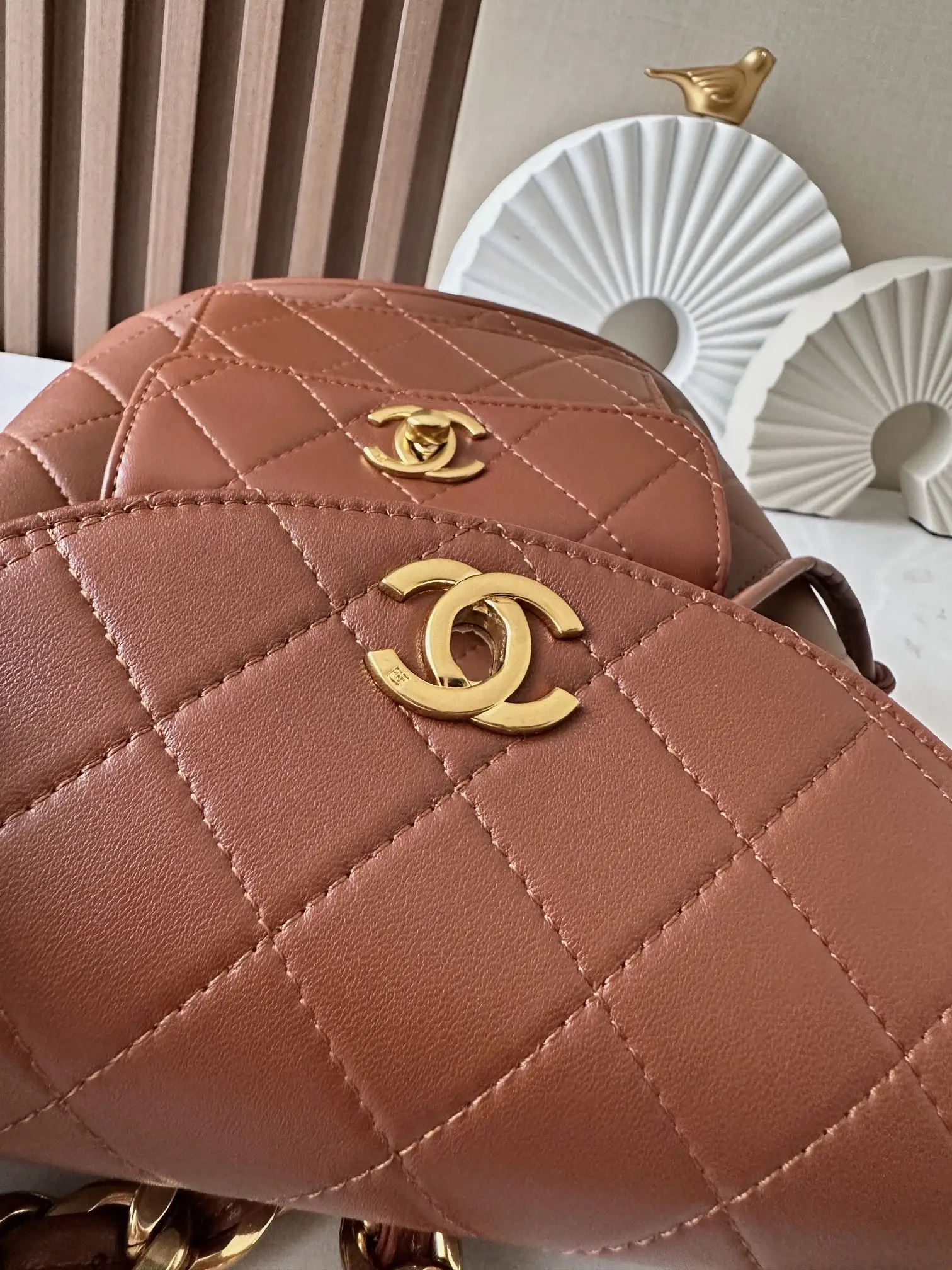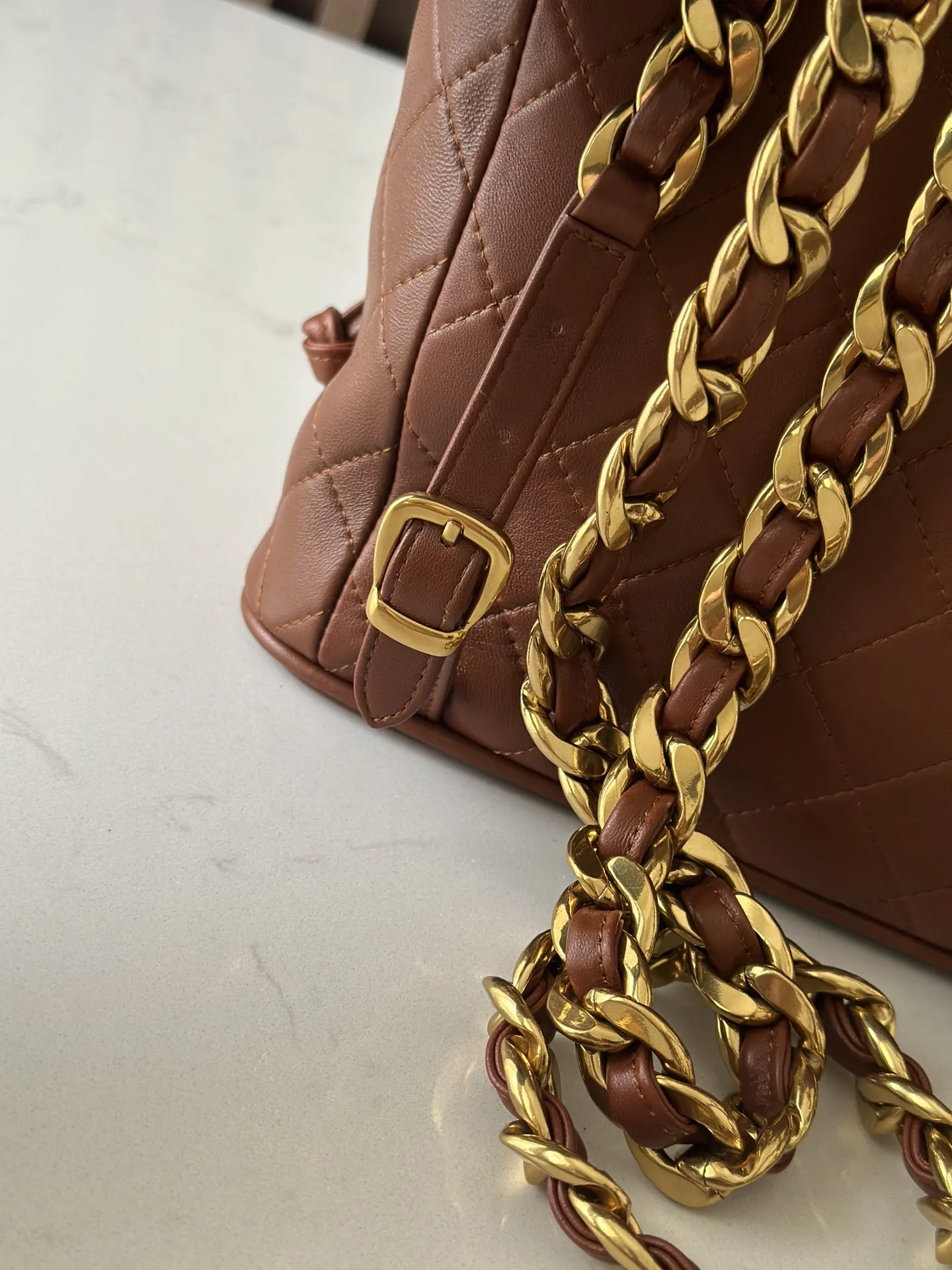 Chane Vintage Backpack. It s no exaggeration to say that this is a vintage backpack that can be passed down through generations! The classic double C logo and diamond pattern are paired with gold metal and leather chain shoulder straps for a luxurious feel. The soft and delicate lambskin makes you want to own and cherish it! It can be used in all seasons and can be matched with any style. It s a must-have in your bag collection Dimensions: 21 10 20.5cm A2210 Brown Lambskin.
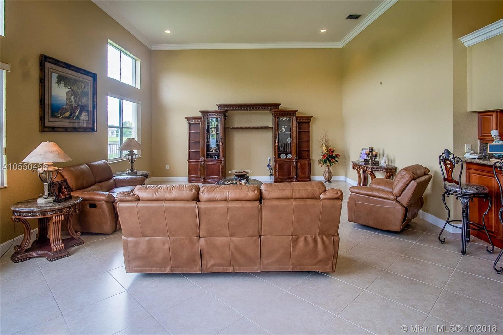 ABSOLUTELY SPECTACULAR HOME A MUST SEE!!! This home has all the imaginable upgrades including crown moulding in every room, tray ceiling in master, built-in sound system, wet bar, gorgeous tile floors, full guest/pool bathroom, all recessed lighting, walk-in kitchen pantry and much more. The 5th bedroom can be used as a den/office. The home has abundant natural light throughout. 3 zone a/c system in perfect condition as well as a new HWH. The home is situated on an expansive lot with a 180 degree lake view. All openings have shutters in the event of a storm. The home has never been lived in since originally purchased and perfectly maintained.
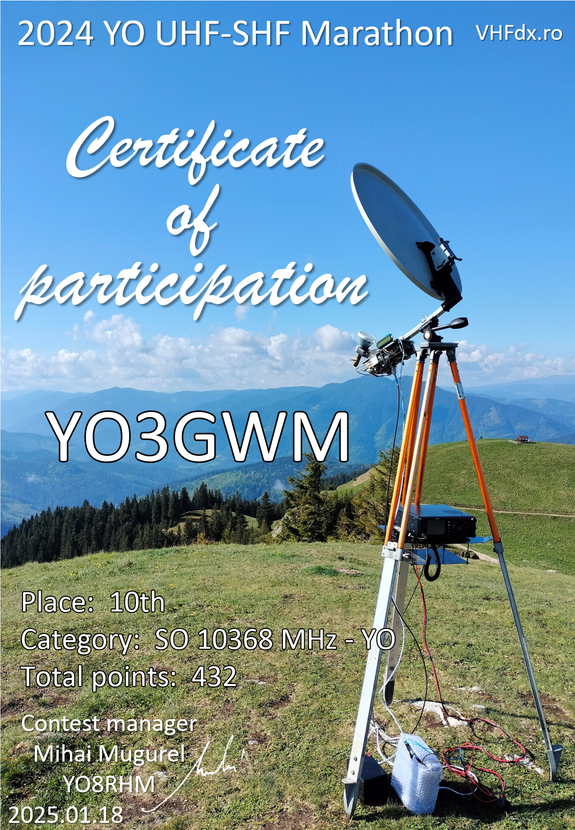 | 10 | YO3GWM | 432 | 432 | Certificate | |||||||||
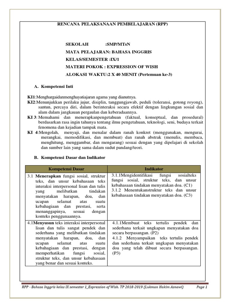 Rpp K13 1 Lembar Bahasa Inggris Kelas 9 Revisi 2020 Lengkap Dengan 3 Komponen Wajib Guru Baik from 1.bp.blogspot.com We did not find results for: Check spelling or type a new query. Maybe you would like to learn more about one of these? Rpp bahasa inggris kelas 10 semester 1 kurikulum 2013.
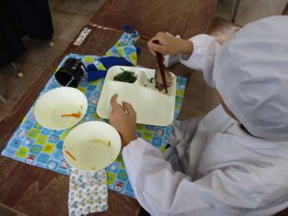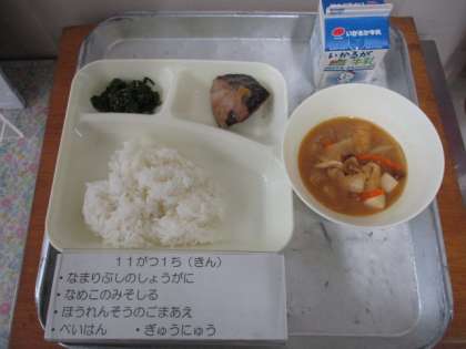 今日の給食は、ごはん、牛乳、なまりぶしのしょうが煮、なめこのみそ汁、ほうれんそうのごまあえです。
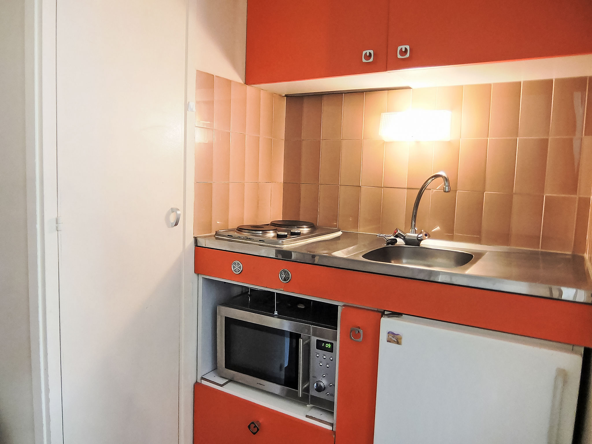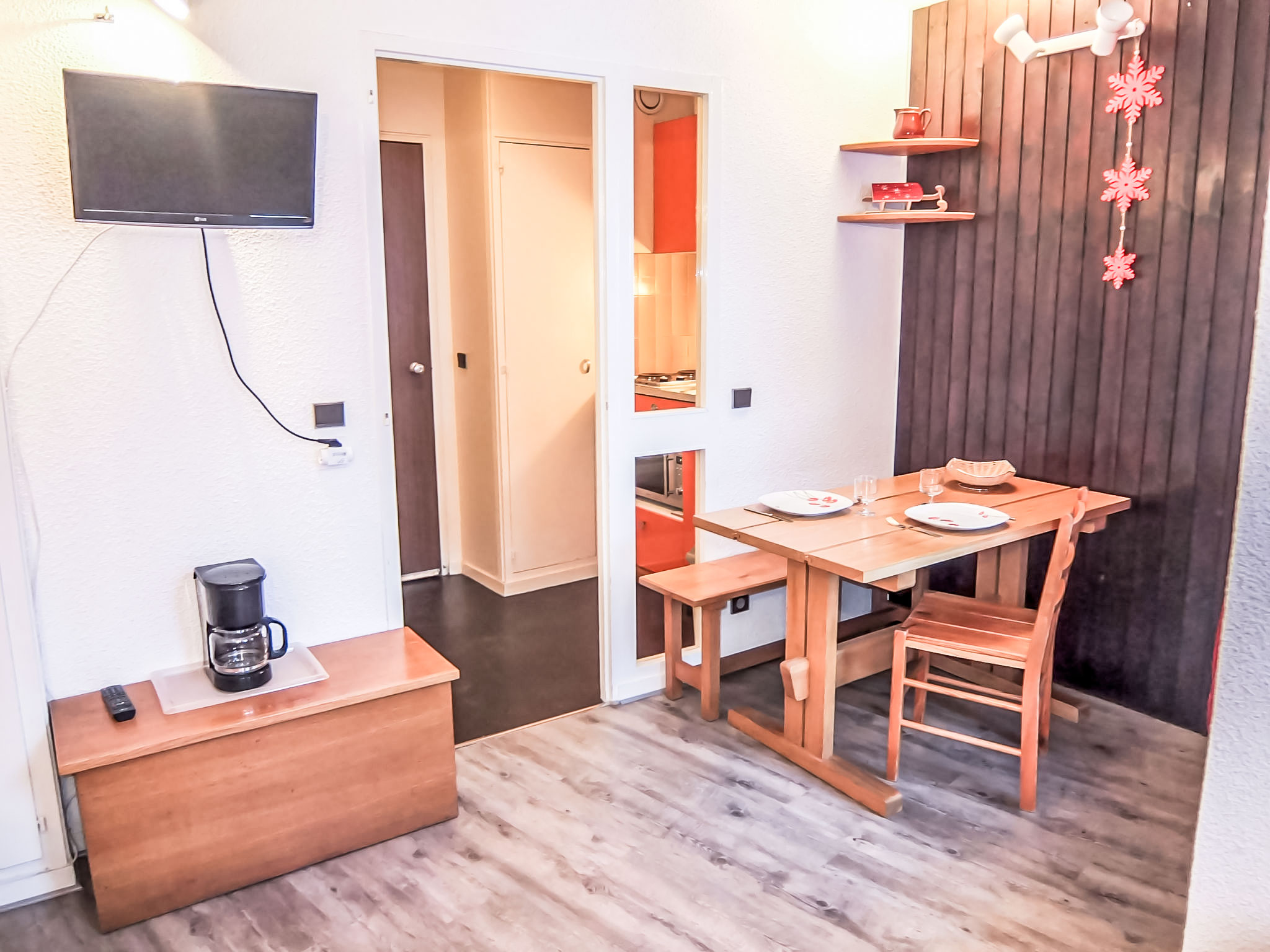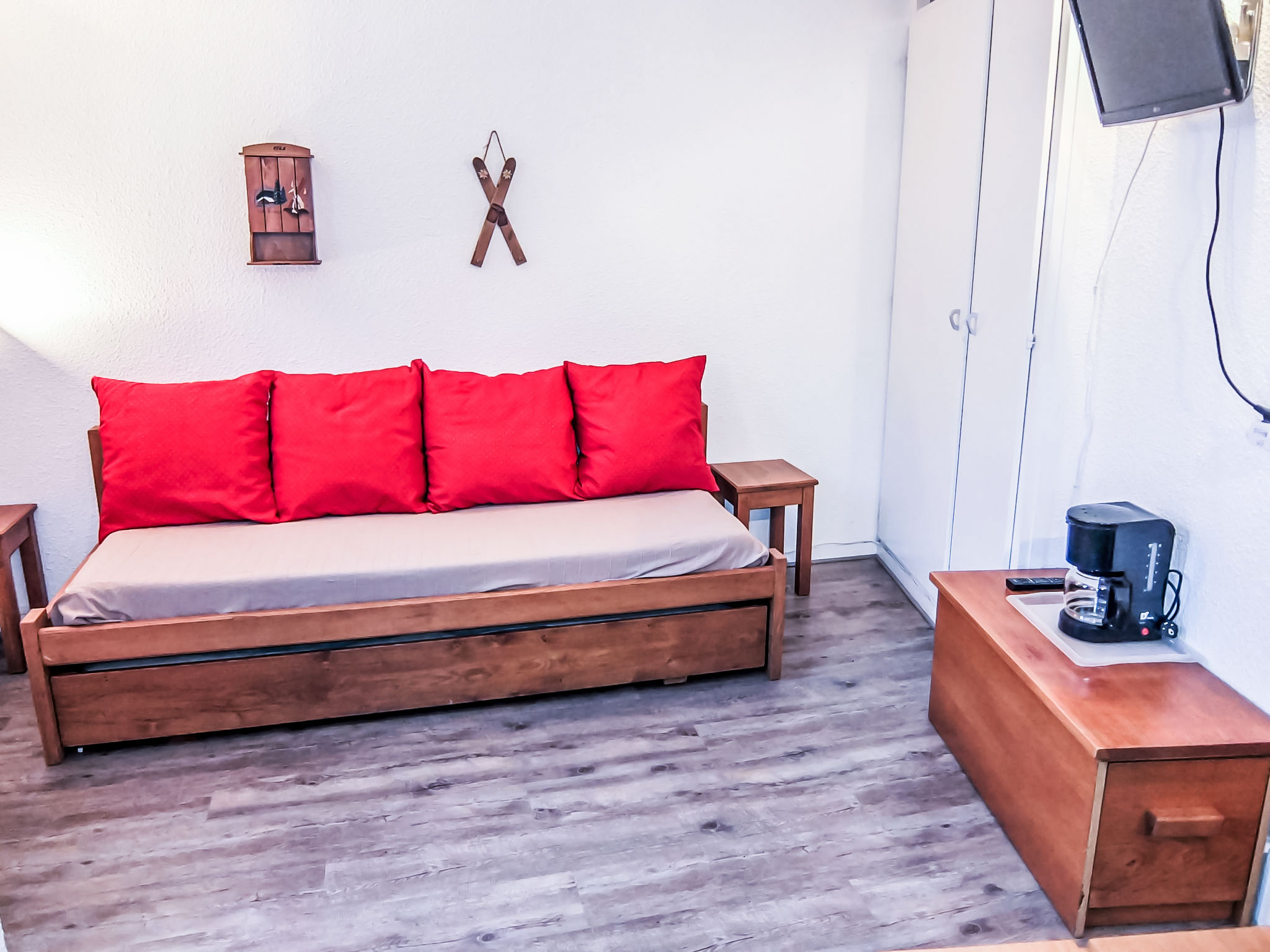 "Armoise 51", 1-Zimmer-Wohnung 18 m2 im 4. Stock. Komfortabel und schön eingerichtet: Wohn-/Esszimmer mit 1 Ausziehbett (2 Pers. 2 x 80 cm), TV (Flachbildschirm). Ausgang zum Balkon. Kochnische im Eingang (2 Kochplatten, Wasserkocher, Mikrowelle, elektrische Kaffeemaschine). Dusche/WC. E-Heizung. Balkon, Nordostlage. Zur Verfügung: Internet (Wireless LAN, extra). Bitte beachten: Rauchmelder. Inserat einer Privatperson nach Artikel 155, IV, CGI.
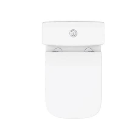 Got a compact bathroom to makeover? Save space with the attractive Venice Modern BTW Close Coupled Toilet. Projecting just 605mm from the wall, this distinctive square WC is designed with cloakrooms and smaller en suites in mind. The contemporary pan is expertly crafted from hardwearing ceramic with a gleaming white gloss finish for a neat minimalist appearance. A chrome effect dual flush push button completes the look. This bathroom essential comes with a quick release soft close toilet seat and wrapover lid that prevents slamming while limiting wear and tear.
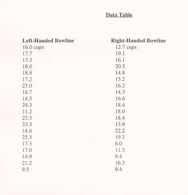 This table simply reports the data I got in my experiment. Under the column "Left-Handed Bowline" are the numbers that the left-handed bowline held before the knot broke. The same goes for the "Right-Handed Bowline." There were twenty trials for each so there are forty different numbers.

[INSTRUCTIONS FOR THE TASK]
Only the text of the records above, copied exactly, should be returned; the pictures stay out.

[ANSWER BELOW]
 Chane Vintage Backpack. It s no exaggeration to say that this is a vintage backpack that can be passed down through generations! The classic double C logo and diamond pattern are paired with gold metal and leather chain shoulder straps for a luxurious feel. The soft and delicate lambskin makes you want to own and cherish it! It can be used in all seasons and can be matched with any style. It s a must-have in your bag collection Dimensions: 21 10 20.5cm A2210 Brown Lambskin.
 ABSOLUTELY SPECTACULAR HOME A MUST SEE!!! This home has all the imaginable upgrades including crown moulding in every room, tray ceiling in master, built-in sound system, wet bar, gorgeous tile floors, full guest/pool bathroom, all recessed lighting, walk-in kitchen pantry and much more. The 5th bedroom can be used as a den/office. The home has abundant natural light throughout. 3 zone a/c system in perfect condition as well as a new HWH. The home is situated on an expansive lot with a 180 degree lake view. All openings have shutters in the event of a storm. The home has never been lived in since originally purchased and perfectly maintained.
 | 10 | YO3GWM | 432 | 432 | Certificate | |||||||||
 Rpp K13 1 Lembar Bahasa Inggris Kelas 9 Revisi 2020 Lengkap Dengan 3 Komponen Wajib Guru Baik from 1.bp.blogspot.com We did not find results for: Check spelling or type a new query. Maybe you would like to learn more about one of these? Rpp bahasa inggris kelas 10 semester 1 kurikulum 2013.
 今日の給食は、ごはん、牛乳、なまりぶしのしょうが煮、なめこのみそ汁、ほうれんそうのごまあえです。
 "Armoise 51", 1-Zimmer-Wohnung 18 m2 im 4. Stock. Komfortabel und schön eingerichtet: Wohn-/Esszimmer mit 1 Ausziehbett (2 Pers. 2 x 80 cm), TV (Flachbildschirm). Ausgang zum Balkon. Kochnische im Eingang (2 Kochplatten, Wasserkocher, Mikrowelle, elektrische Kaffeemaschine). Dusche/WC. E-Heizung. Balkon, Nordostlage. Zur Verfügung: Internet (Wireless LAN, extra). Bitte beachten: Rauchmelder. Inserat einer Privatperson nach Artikel 155, IV, CGI.
 Got a compact bathroom to makeover? Save space with the attractive Venice Modern BTW Close Coupled Toilet. Projecting just 605mm from the wall, this distinctive square WC is designed with cloakrooms and smaller en suites in mind. The contemporary pan is expertly crafted from hardwearing ceramic with a gleaming white gloss finish for a neat minimalist appearance. A chrome effect dual flush push button completes the look. This bathroom essential comes with a quick release soft close toilet seat and wrapover lid that prevents slamming while limiting wear and tear.
 This table simply reports the data I got in my experiment. Under the column "Left-Handed Bowline" are the numbers that the left-handed bowline held before the knot broke. The same goes for the "Right-Handed Bowline." There were twenty trials for each so there are forty different numbers.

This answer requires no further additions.